Random assignment is intended to create comparable treatment and control groups, reducing the need for dubious statistical models. Nevertheless, researchers often use linear regression models to "adjust" for random treatment-control differences in baseline characteristics. In 2008, David Freedman published two papers critiquing this common practice. Freedman's critique is often interpreted as implying that adjustment is a bad idea, and it's had a strong influence on methodology discussions in political science and criminology. Berk and Jed tell me it's also mentioned in referee reports and seminars in development economics.

 

My paper "Agnostic Notes on Regression Adjustments to Experimental Data: Reexamining Freedman's Critique" (Annals of Applied Statistics, forthcoming) tries to clarify the issues Freedman raised. (Slides from an earlier talk are also available.) Development Impact kindly invited me to give an overview and asked me to go further in discussing      practical implications. This is the first post of a two-part series; the second part (tomorrow) will discuss the small-sample bias of adjustment, along with practical suggestions for researchers, referees, and journal editors in the social sciences.

 

1. Conventional wisdom before Freedman

 

The classic rationale for OLS adjustment (which assumes the regression model is true) is that it tends to improve precision, under these conditions:

  • The covariates are pre-specified, correlated with the outcome, and unaffected by treatment.
  • The number of covariates (K) is much smaller than the sample size (N).

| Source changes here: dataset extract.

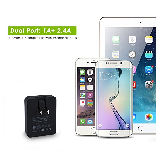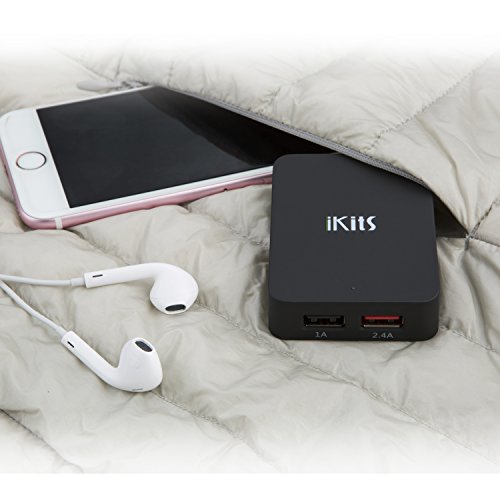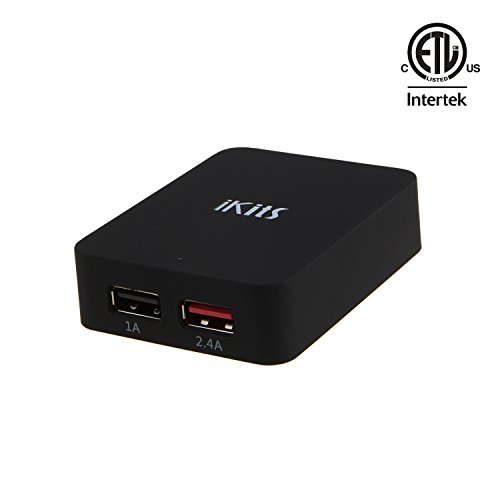 iKits (ETL Listed) 3.4A 17W Dual USB Wall Charger with Smart IC Technology, 2 Port Portable Travel Charger with Foldable Plug for iPhone 7/6s, iPad Air 2 / mini 3, Galaxy S7 / Note 5 and More

E.g., suppose we conduct an experiment to estimate the effect of an education program on 10th-grade reading scores (Y), and we also have data on the same students' 9th-grade reading scores (X), measured before random assignment. Common practice is to regress Y on T (the treatment group dummy) and X, regardless of whether the treatment and control groups have different mean values of X. The covariate "soaks up" variation in Y and thus reduces the standard error of the estimated treatment effect.

 

Adjustment can hurt precision if K is too big relative to N or if the covariates have very little correlation with the outcome. Cox & McCullagh (p. 547) give a rule-of-thumb formula that can suggest both when to worry and how high the R-squared has to be for adjustment to be of much help. Duflo, Glennerster, & Kremer (sec. 4.4) give a useful summary of conventional wisdom.

 

There are other possible rationales for adjustment (as we’ll discuss tomorrow). But precision improvement is the textbook rationale and the one challenged by Freedman's critique.

 

2. What did Freedman show?

 

Freedman analyzed OLS adjustment without assuming a regression model. He used Jerzy Neyman's framework for randomization inference, which avoids dubious assumptions about functional forms and error terms. Random assignment of the finite study population is the source of randomness, treatment effects can vary across study participants, and the goal is to estimate the average treatment effect. (Jed blogged earlier about R.A. Fisher's version of randomization inference, which tests the sharp null hypothesis that treatment had no effect on anyone.)

 

Freedman found 3 problems with adjustment:

  1. Contrary to the classic rationale, adjustment can help or hurt precision asymptotically (even as N - K goes to infinity, and even when the covariates are correlated with the outcome).
  2. The conventional OLS standard error estimator is inconsistent.
  3. The adjusted treatment effect estimator has a small-sample bias. The bias is of order 1 / N, so it diminishes rapidly as N grows.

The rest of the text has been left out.